Work to be completed: Leaving out each picture, transcribe the lines of the listing below exactly from the first through the line that contains "채권은 큰돈을 벌려고".

Exercise data:
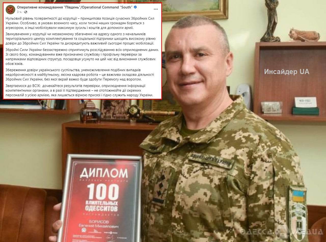 Одеського військкома Євгена Борисова, у якого знайшли дороге авто та елітну нерухомість, усунули від обов'язків та призначили перевірку, повідомляє оперативне командування «Південь».
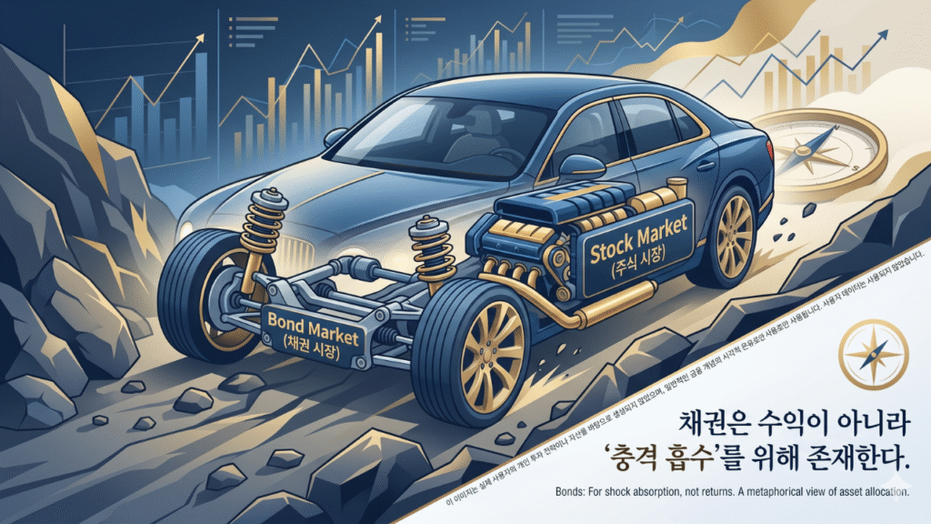 채권은 큰돈을 벌려고 사는 게 아닙니다. 주식시장이 패닉에 빠졌을 때 포트폴리오 전체가 무너지는 걸 막는 방어막이자, 투자자가 공포에 질려 주식을 싸게 팔아버리는 치명적 실수를 막는 심리적 안전판입니다.
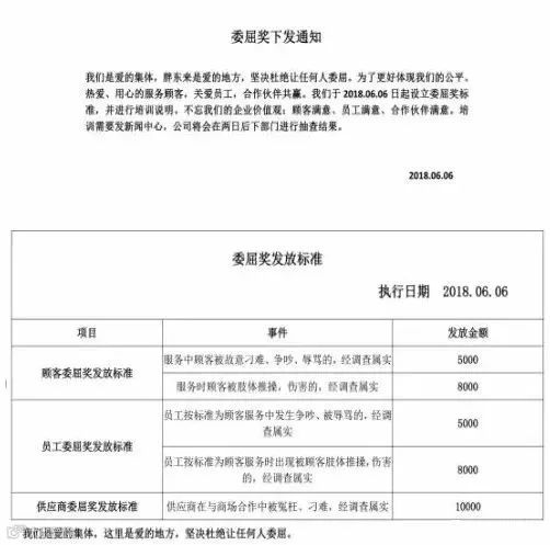 所以,从今年6月起,胖东来就设置了员工委屈奖,凡是在正常工作中受到顾客、供货商辱骂、侮辱的员工,一经核实属实,就可以拿到至少5000元委屈奖励,员工受的委屈企业来买单。
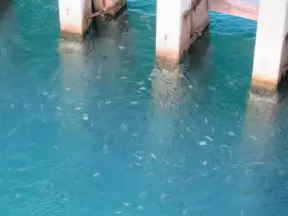 World-famous area full of sealife- see the huge yellow and orange starfish, and manatees, from the jetty! Shaded playground too.
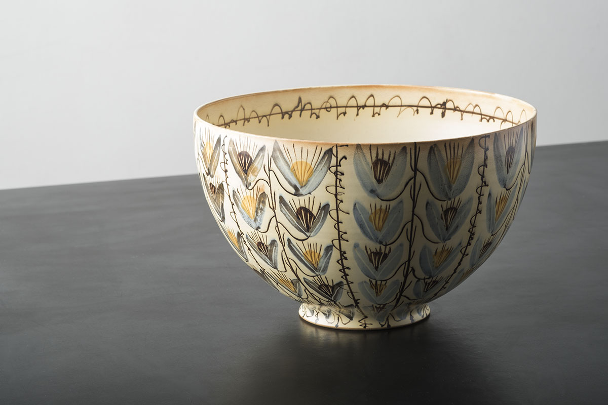 Then came the colourful, complex patterns applied on the top of a satin white glaze, which were produced into the 1970s. Both the forms and the decorations show a whole new level of sophistication and growth by Ady as an artist and potter.
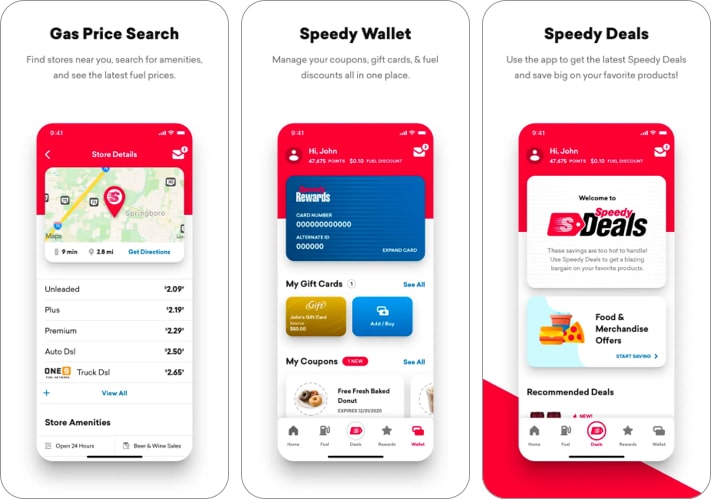 Egy speciális pénztárca szakasz nyilvántartást vezet a digitális kártyákról és kuponokról. Sőt, a praktikus shake-to-show opció lehetővé teszi a Speedy Rewards kártya azonnali megtekintését, anélkül, hogy bármely gomb megérkezne. Tehát biztosítsa a zökkenőmentes és gyors fizetéseket az alkalmazás segítségével.
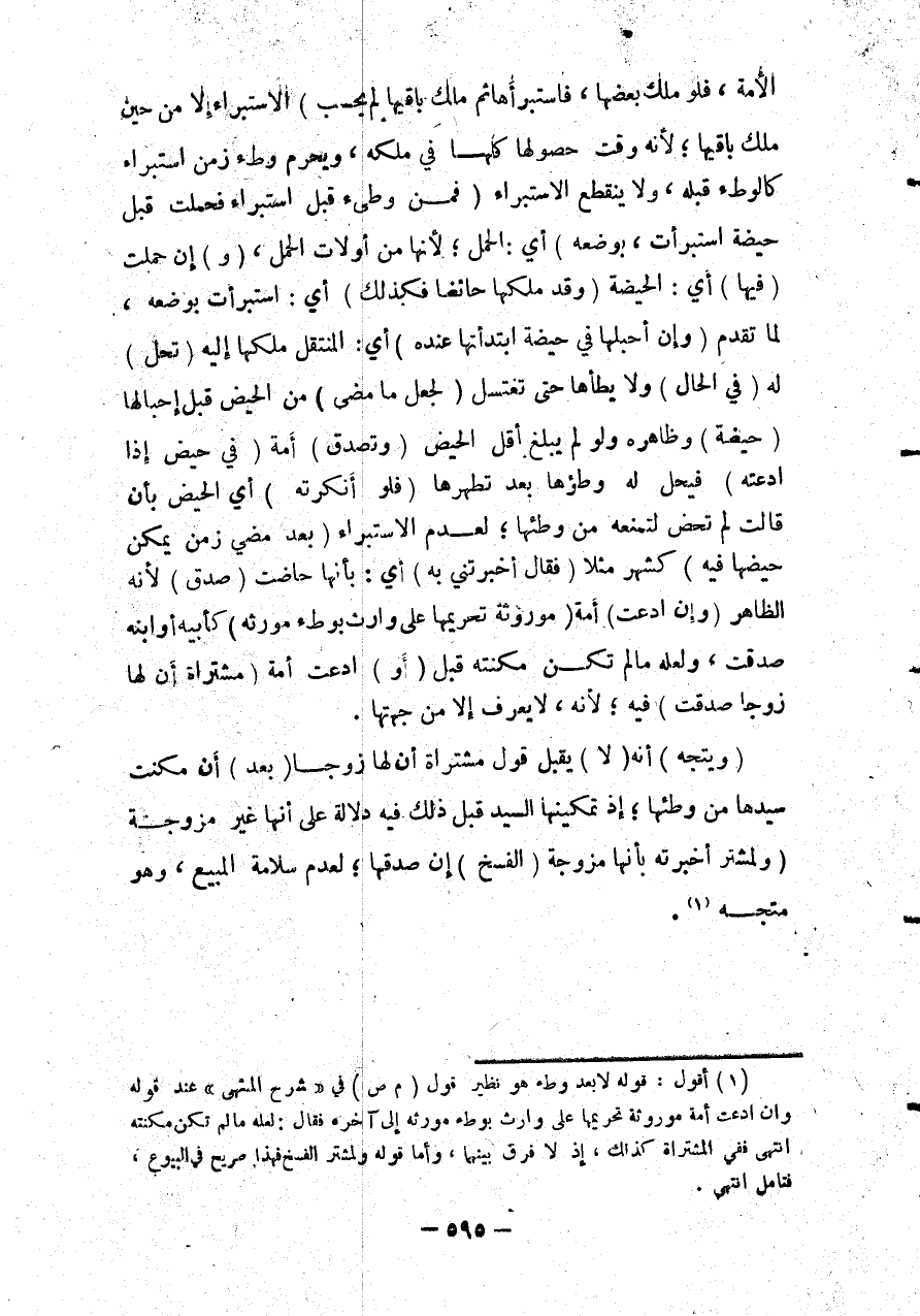 الْأَمَةِ، فَلَوْ مَلَكَ بَعْضَهَا، فَاسْتَبْرَأَهَا ثُمَّ مَلَكَ بَاقِيهَا لَمْ يُحْسَبْ) الِاسْتِبْرَاءُ إلَّا مِنْ حِينِ مَلَكَ بَاقِيهَا؛ لِأَنَّهُ وَقْتُ حُصُولِهَا كُلِّهَا فِي مِلْكِهِ، وَيَحْرُمُ وَطْءٌ زَمَنَ اسْتِبْرَاءٍ كَالْوَطْءِ قَبْلَهُ، وَلَا يَنْقَطِعُ الِاسْتِبْرَاءُ (فَمَنْ وَطِئَ قَبْلَ اسْتِبْرَاءٍ فَحَمَلَتْ قَبْلَ حَيْضَةٍ اسْتَبْرَأَتْ، بِوَضْعِهِ) أَيْ: الْحَمْلِ؛ لِأَنَّهَا مِنْ أُولَاتِ الْحَمْلِ، (وَ) إنْ حَمَلَتْ (فِيهَا) أَيْ: الْحَيْضَةِ (وَقَدْ مَلَكَهَا حَائِضًا فَكَذَلِكَ) أَيْ: اسْتَبْرَأَتْ بِوَضْعِهِ، لِمَا تَقَدَّمَ (وَإِنْ أَحْبَلَهَا فِي حَيْضَةٍ ابْتَدَأَتْهَا عِنْدَهُ) أَيْ: الْمُنْتَقِلِ مِلْكُهَا إلَيْهِ (تَحِلُّ) لَهُ (فِي الْحَالِ) وَلَا يَطَؤُهَا حَتَّى تَغْتَسِلَ (لِجَعْلِ مَا مَضَى) مِنْ الْحَيْضِ قَبْلَ إحْبَالِهَا (حَيْضَةً) وَظَاهِرُهُ وَلَوْ لَمْ يَبْلُغْ أَقَلَّ الْحَيْضِ (وَتُصَدَّقُ) أَمَةٌ (فِي حَيْضٍ إذَا ادَّعَتْهُ) فَيَحِلُّ لَهُ وَطْؤُهَا بَعْدَ تَطَهُّرِهَا (فَلَوْ أَنْكَرَتْهُ) أَيْ الْحَيْضَ بِأَنْ قَالَتْ لَمْ تَحِضْ لِتَمْنَعَهُ مِنْ وَطْئِهَا؛ لِعَدَمِ الِاسْتِبْرَاءِ (بَعْدَ مُضِيِّ زَمَنٍ يُمْكِنُ حَيْضُهَا فِيهِ) كَشَهْرٍ مَثَلًا (فَقَالَ أَخْبَرَتْنِي بِهِ) أَيْ: بِأَنَّهَا حَاضَتْ (صُدِّقَ) لِأَنَّهُ الظَّاهِرُ.
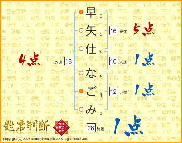 早矢仕なごみさんの総運は28画の1点!
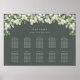 A dark grey green winter wedding seating chart featuring hand painted snowberries and eucalyptus. The template text is set for 10 tables of 10 - all text is fully editable. Alternative layouts and coordinating items are available in my store.
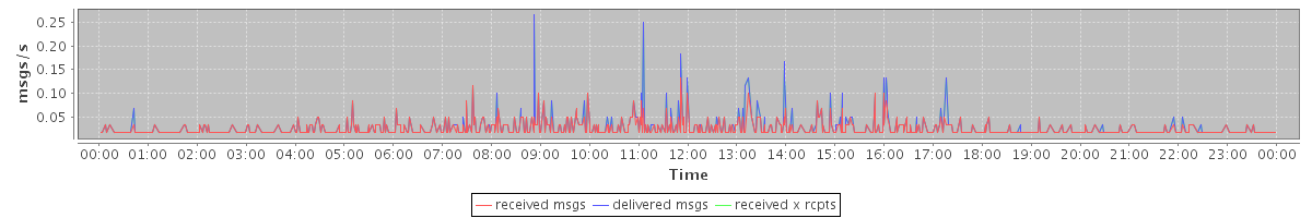 avg(received msgs) = 0.01 avg(delivered msgs) = 0.01 avg(received x rcpts) = 0.01
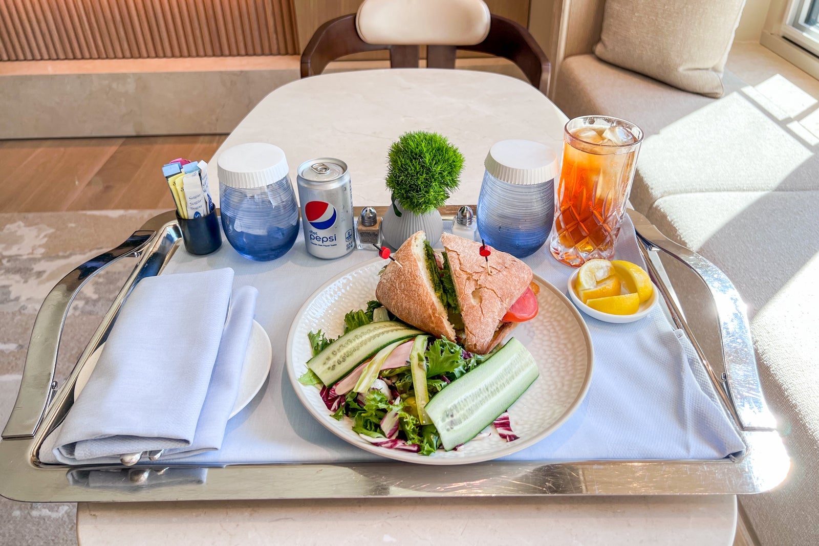 Room service was up first almost immediately after check-in as I was on deadline and famished. I ordered a pesto chicken sandwich that came with a salad for $25 along with an iced tea and a Diet Pepsi.
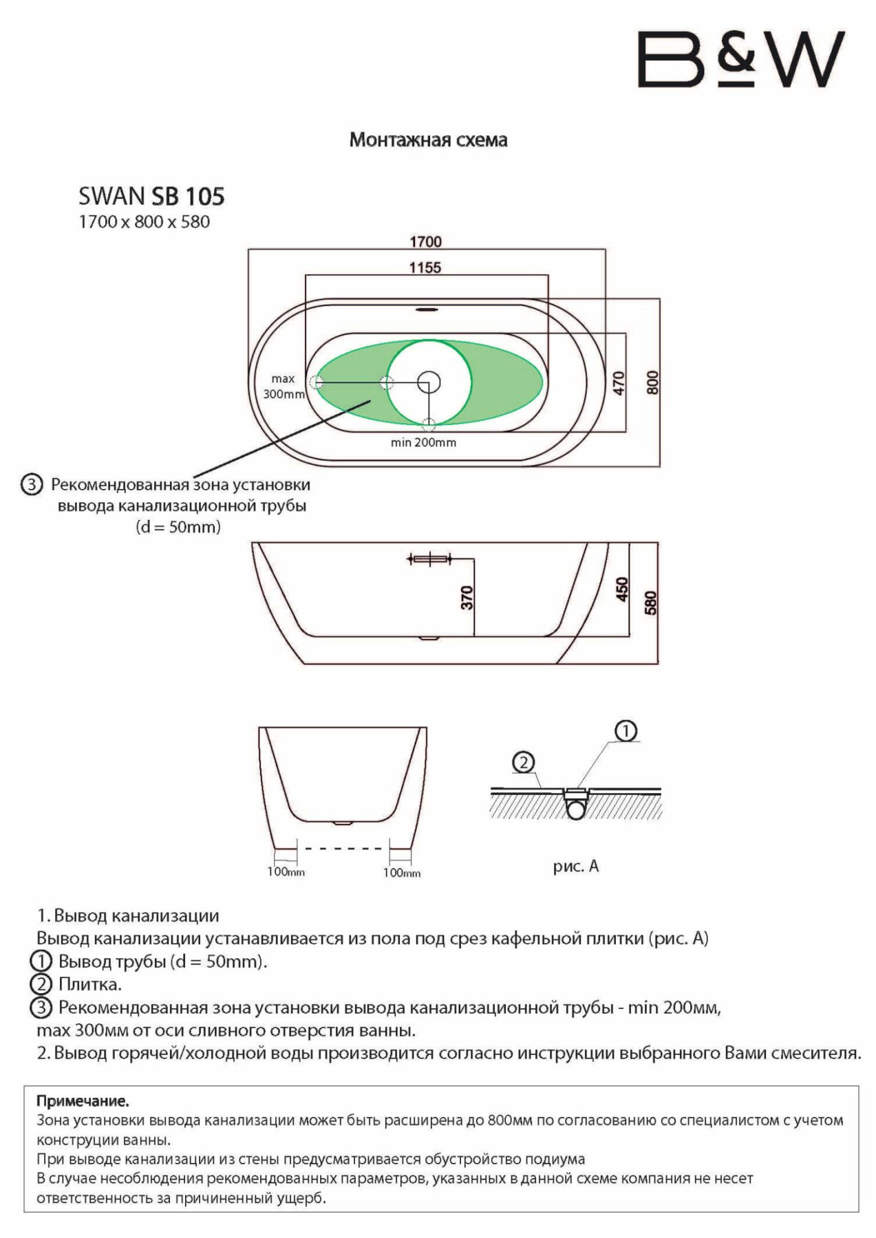 Акриловая ванна Black & White Black Swan 105SBBL 170 x 80 смКоллекция ванн с широким рядом форм и размеров представлена специально для выбора оптимального варианта с уклоном на личные предпочтения и возможности помещения.Современный дизайн и эргономичность форм.
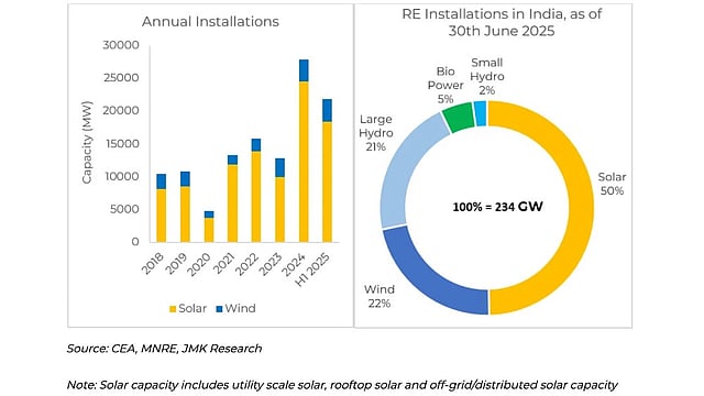 India’s solar momentum remains strong with 18.3 GW of new PV capacity added in H1 2025, marking a 51.6% year-on-year (YoY) growth, according to JMK Research & Analytics.
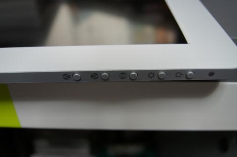 右側には電源ボタンや入力切替、ボリューム調整ボタン等が並びます。
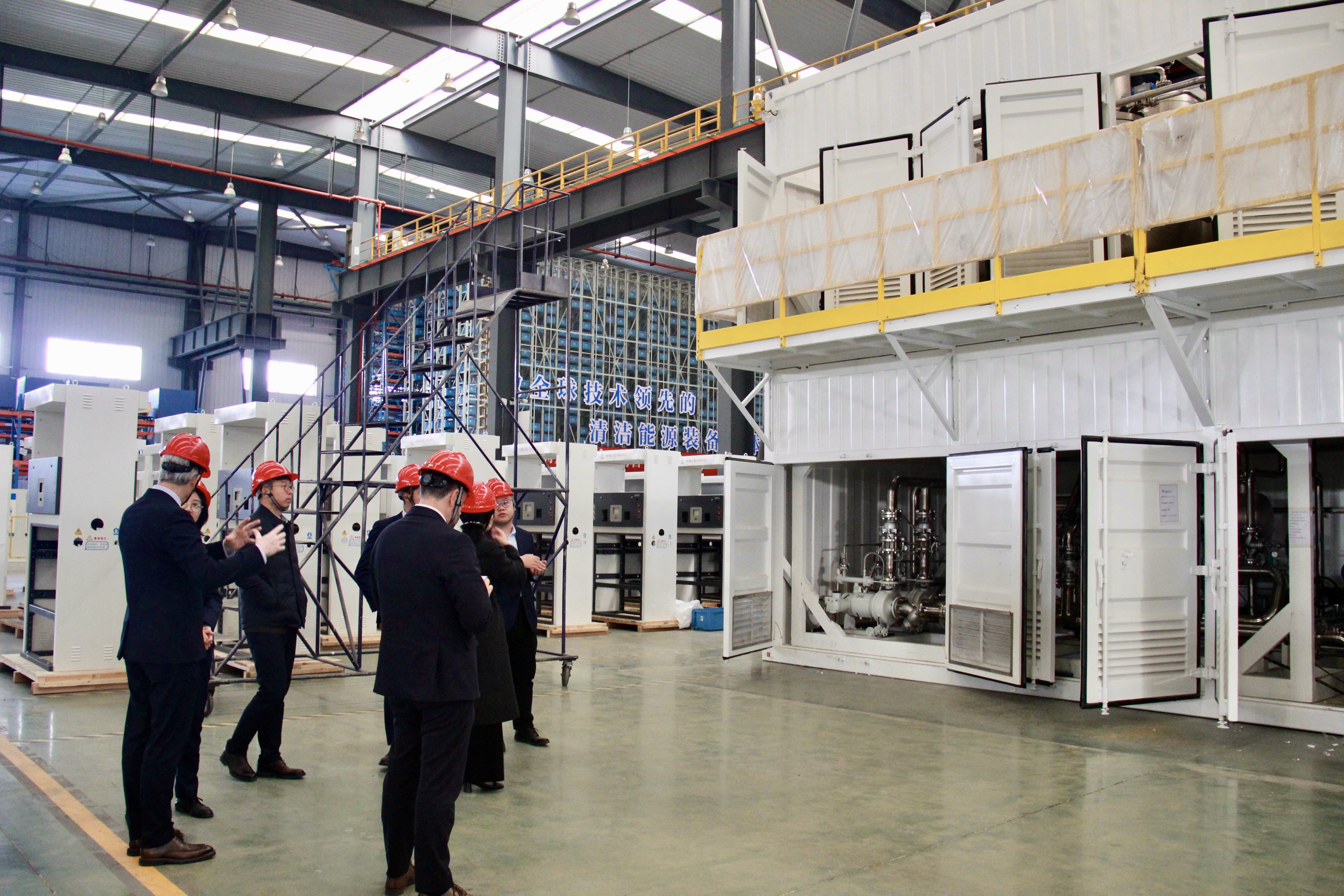 代表团一行首先参观了厚普股份的企业展厅与总装车间,实地考察了公司在氢能装备制造、技术研发与系统解决方案等方面的综合实力,并对厚普在氢能“制、储、加、用”全链条的产业布局以及制氢技术能力表示高度认可。

Written solution:
 Одеського військкома Євгена Борисова, у якого знайшли дороге авто та елітну нерухомість, усунули від обов'язків та призначили перевірку, повідомляє оперативне командування «Південь».
 채권은 큰돈을 벌려고 사는 게 아닙니다. 주식시장이 패닉에 빠졌을 때 포트폴리오 전체가 무너지는 걸 막는 방어막이자, 투자자가 공포에 질려 주식을 싸게 팔아버리는 치명적 실수를 막는 심리적 안전판입니다.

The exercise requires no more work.